**TASK:** Without reproducing any image, print the listing below exactly.

**THE DATA:**
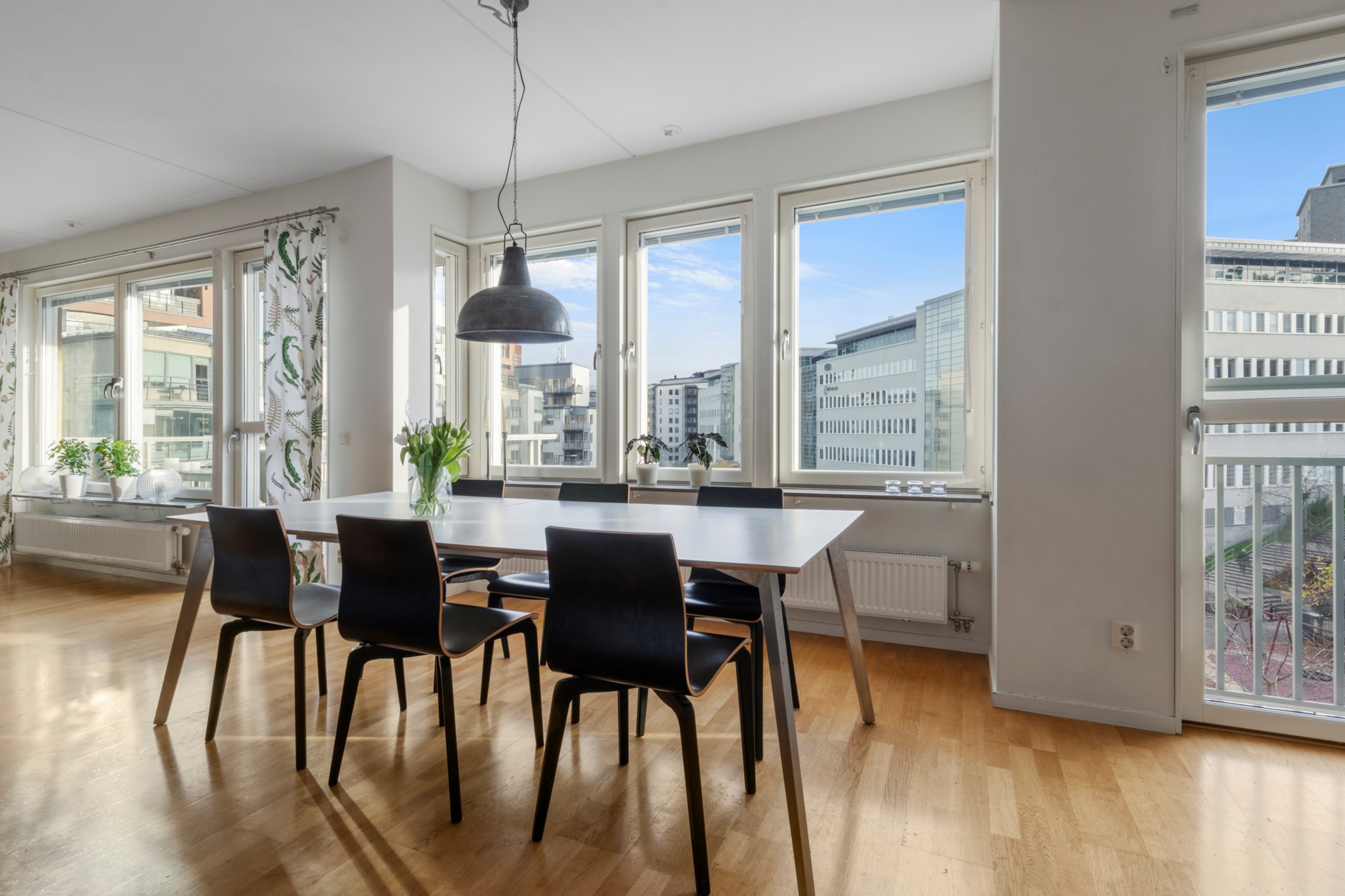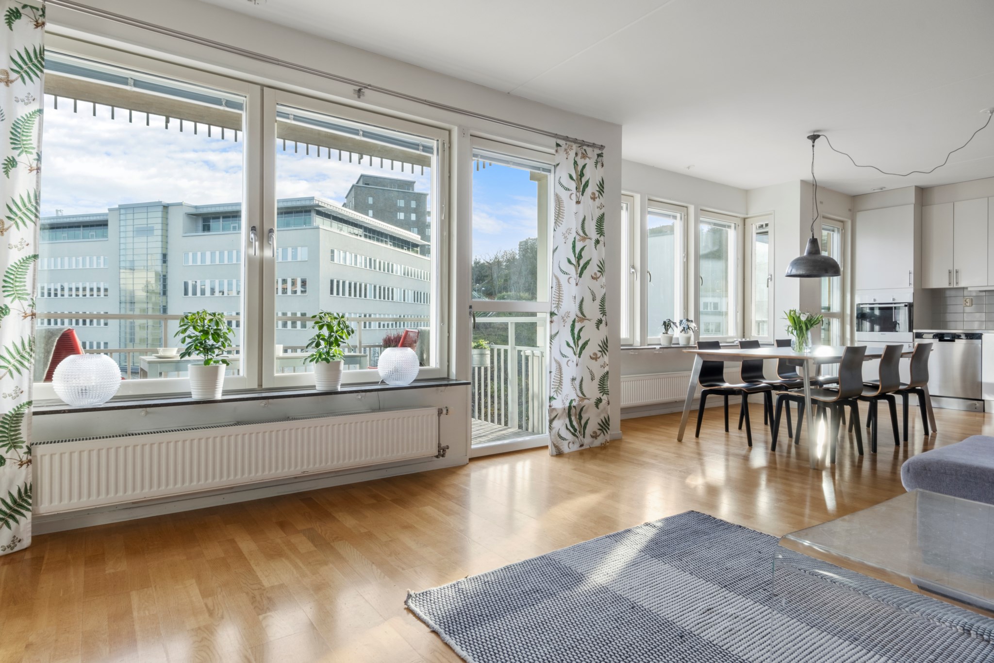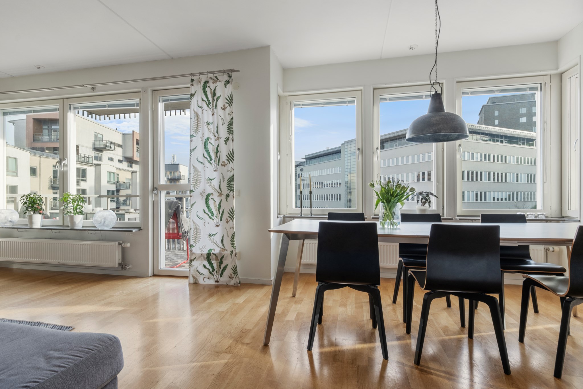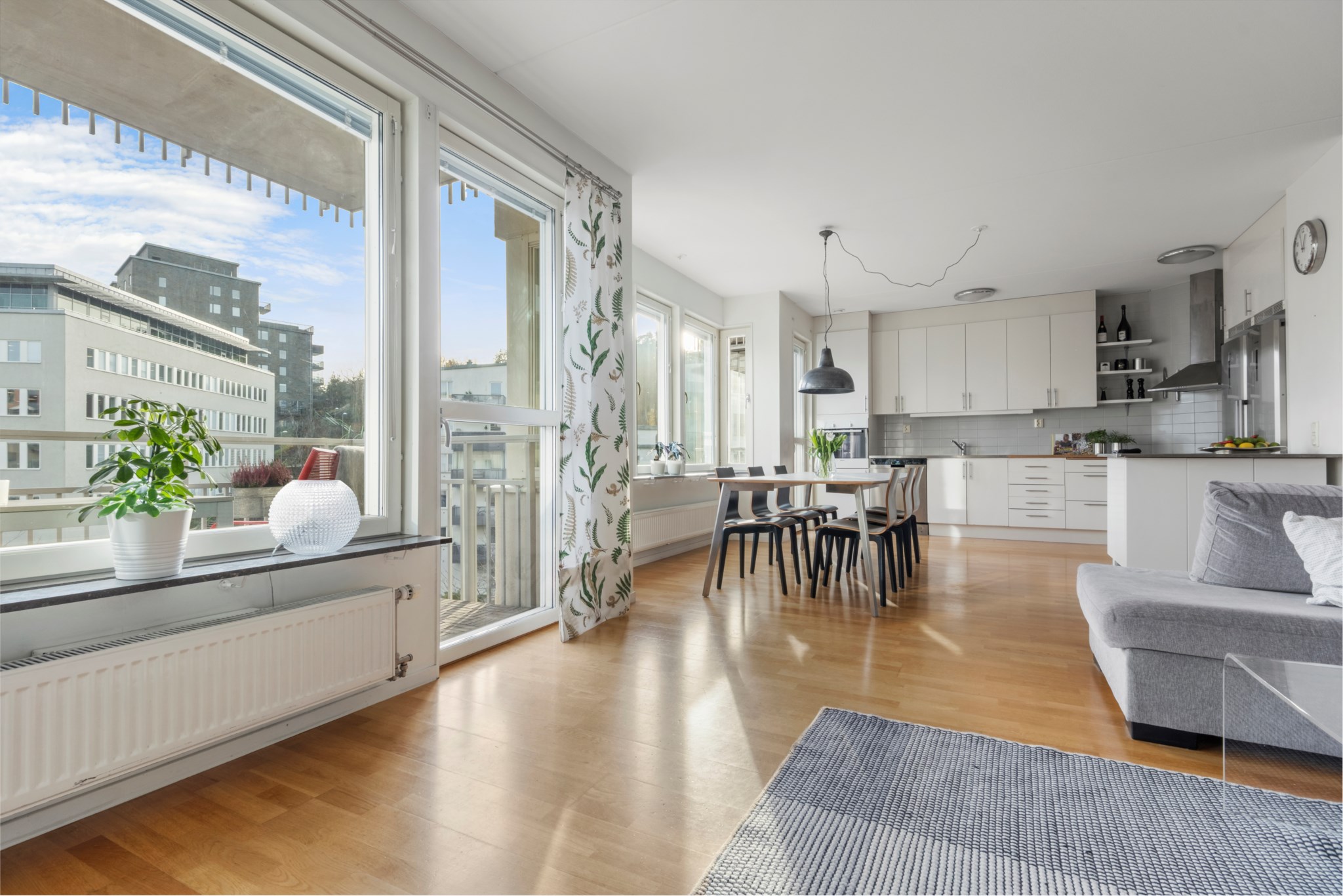 Varmt välkommen till denna eftertraktade trea i hjärtat av Liljeholmskajen, ett hem där utsikten, ljuset och rymden skapar en boendemiljö långt utöver det vanliga.
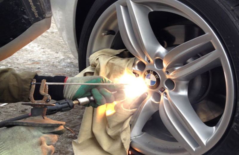 Распространённый способ среди работников СТО. На выступающую часть секретного болта наваривается более распространённый профиль, обычно простая гайка. Обеспечить нужную прочность соединения очень непросто, гораздо легче испортить колёсный диск.
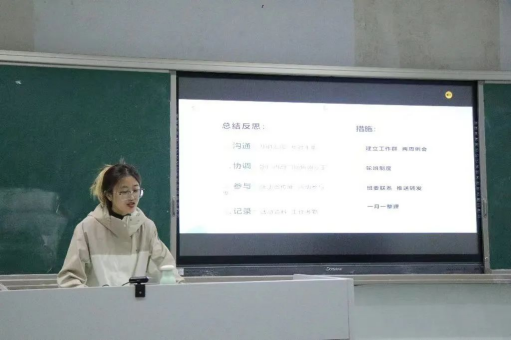 学生会执行主席龚蔬雨由先前团委学生会组织或参与过的院校办活动为引,通过展示针对先前工作中出现的问题所施行的措施,如建立专门的工作小组群、两周一例会,总结经验教训,以此来为以后同学之间相互合作,提高工作效率贡献解决方案。
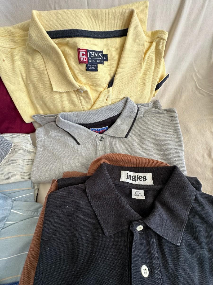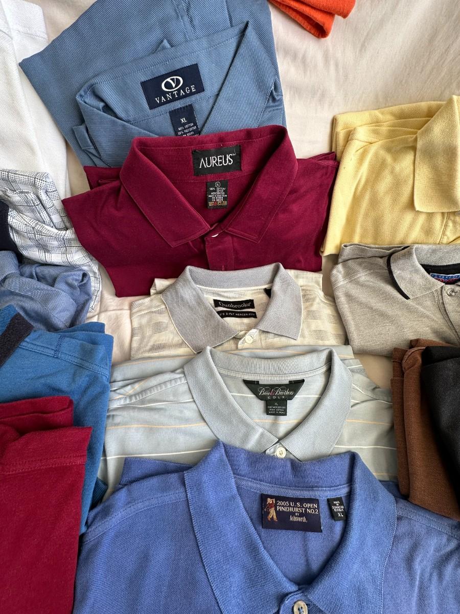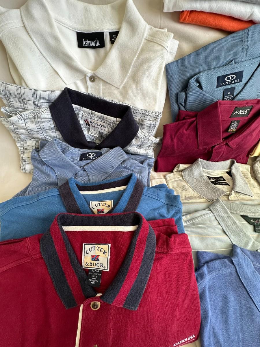 20 Piece Lot Mixed Men's Golf and Polo Shirts, Mostly XL, a Few L; Brands include Chaps, Pinhurst Open, Cutter and Buck, Vantage, Ashworth, Dunbrooke, Brooks Brothers. Also 5 T-shirts included.

**SOLUTION BELOW:**
 Varmt välkommen till denna eftertraktade trea i hjärtat av Liljeholmskajen, ett hem där utsikten, ljuset och rymden skapar en boendemiljö långt utöver det vanliga.
 Распространённый способ среди работников СТО. На выступающую часть секретного болта наваривается более распространённый профиль, обычно простая гайка. Обеспечить нужную прочность соединения очень непросто, гораздо легче испортить колёсный диск.
 学生会执行主席龚蔬雨由先前团委学生会组织或参与过的院校办活动为引,通过展示针对先前工作中出现的问题所施行的措施,如建立专门的工作小组群、两周一例会,总结经验教训,以此来为以后同学之间相互合作,提高工作效率贡献解决方案。
 20 Piece Lot Mixed Men's Golf and Polo Shirts, Mostly XL, a Few L; Brands include Chaps, Pinhurst Open, Cutter and Buck, Vantage, Ashworth, Dunbrooke, Brooks Brothers. Also 5 T-shirts included.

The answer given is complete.